После своего чудесного спасения Джованни дал себе слово, что удивляться больше ничему не будет. Значит так угодно Господу, значит так угодно Деве Марии. А удивляться было чему.
Первую ночь своей новой жизни юный скрипач провёл в подвале церкви иезуитов. Руки перестали дрожать только ближе к полуночи. Время Джованни определил интуитивно – его стало клонить в сон, дома он всегда засыпал в это время.
Стены, сложенные из громадных неотёсанных каменных глыб, мощёный брусчаткой пол, кровать из грубо струганной доски, накрытая соломенным тюфяком, стол и низкий расшатанный табурет. Обстановка его убежища больше напоминала тюремную камеру, за тем лишь исключением, что в ней не было решёток. Их просто некуда было ставить – подвал находился много ниже уровня площади, где-то в чреве храма. На столе трёхголовый подсвечник, густо покрытый потёками воска. Оттенки слоёв различались от чистого белого до грязно-жёлтого, создавая эффект пирога.
Джованни долго разглядывал это чудо, погрузившись в размышления. Отломив большой ломоть воска, скрипач принялся его крутить в руках. Первый и самый толстый слой был белым как платье невесты. Дальше он перемежался с желтоватым, но слои лежали тонкими ровными пластами. Белый воск всё же преобладал.

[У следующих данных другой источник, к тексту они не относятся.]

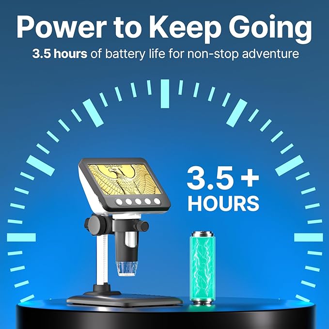 • Rechargeable Battery - WKR digital microscope is powered by a rechargeable battery (3.5 hours of working time) or directly via USB. Truly portable and independent. On a sunny day you can take your family or children to explore the magical and colorful miniature world.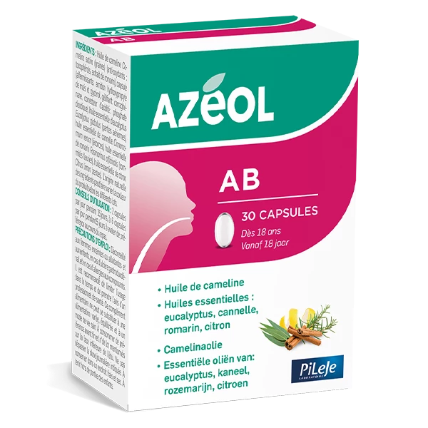 Azéol AB is een voedingssupplement met camelina-olie en etherische oliën van eucalyptus, kaneel, rozemarijn en citroen.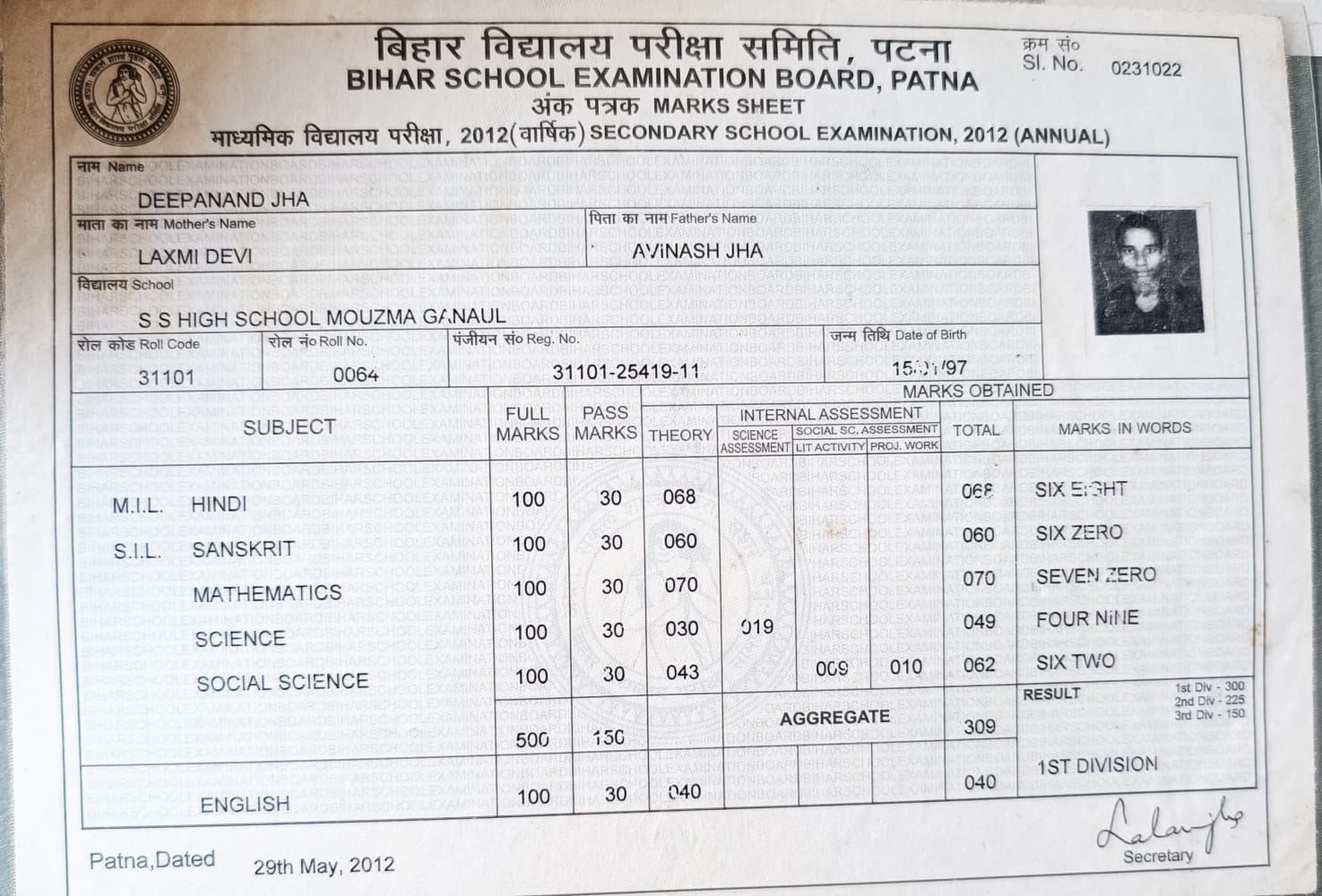 | Exam | Full Marks | Pass Marks | Marks Obtained |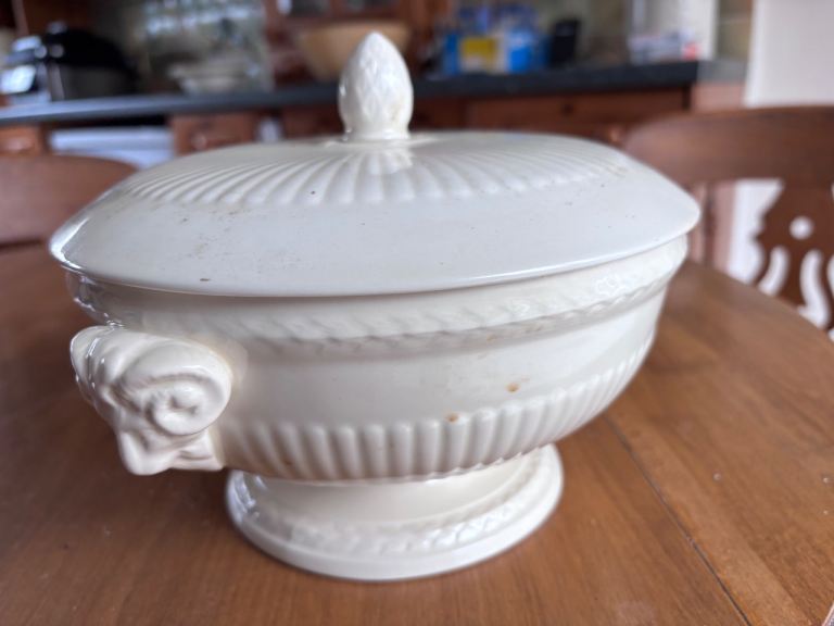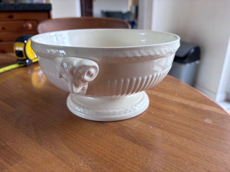 2 Rams Head Vegetable terrines on plinth ( 1 with lid, 1 without lid)

Если представить себе, что в этом подвале люди жили не регулярно, а только по мере какой-то крайней необходимости, и свечи использовались редко, то становилось понятно, что со временем в этот подсвечник ставили свечи всё дешевле. Для церкви это странно. Церковь никогда не страдала от отсутствия пожертвований – это ещё со времён, когда индульгенции продавали. Письменное прощение грехов уже давным-давно не выписывают, но грешники и просто мнительные, но состоятельные прихожане продолжают нести дары и жертвовать ценности. Здесь, похоже, последнее время дела с этим обстоят не лучшим образом. Верхний, самый толстый слой воска имел коричневый оттенок.
«Что за храм необычный… людей нет, священников нет, денег нет…» – подумал Джованни, но мысль его неожиданно была прервана негромким скрипом деревянной двери, висевшей на двух громадных петлях. От этого звука юноша вздрогнул и сделал инстинктивно шаг в угол.
В дрожащем свете показался человек с надвинутым на лоб капюшоном. Лицо его в тени не просматривалось. Старческие руки, покрытые глубокими морщинами, держали деревянную доску, на которой лежала порезанная на несколько больших кусков чиабатта[14]. Рядом стояли глиняный кувшин и кружка.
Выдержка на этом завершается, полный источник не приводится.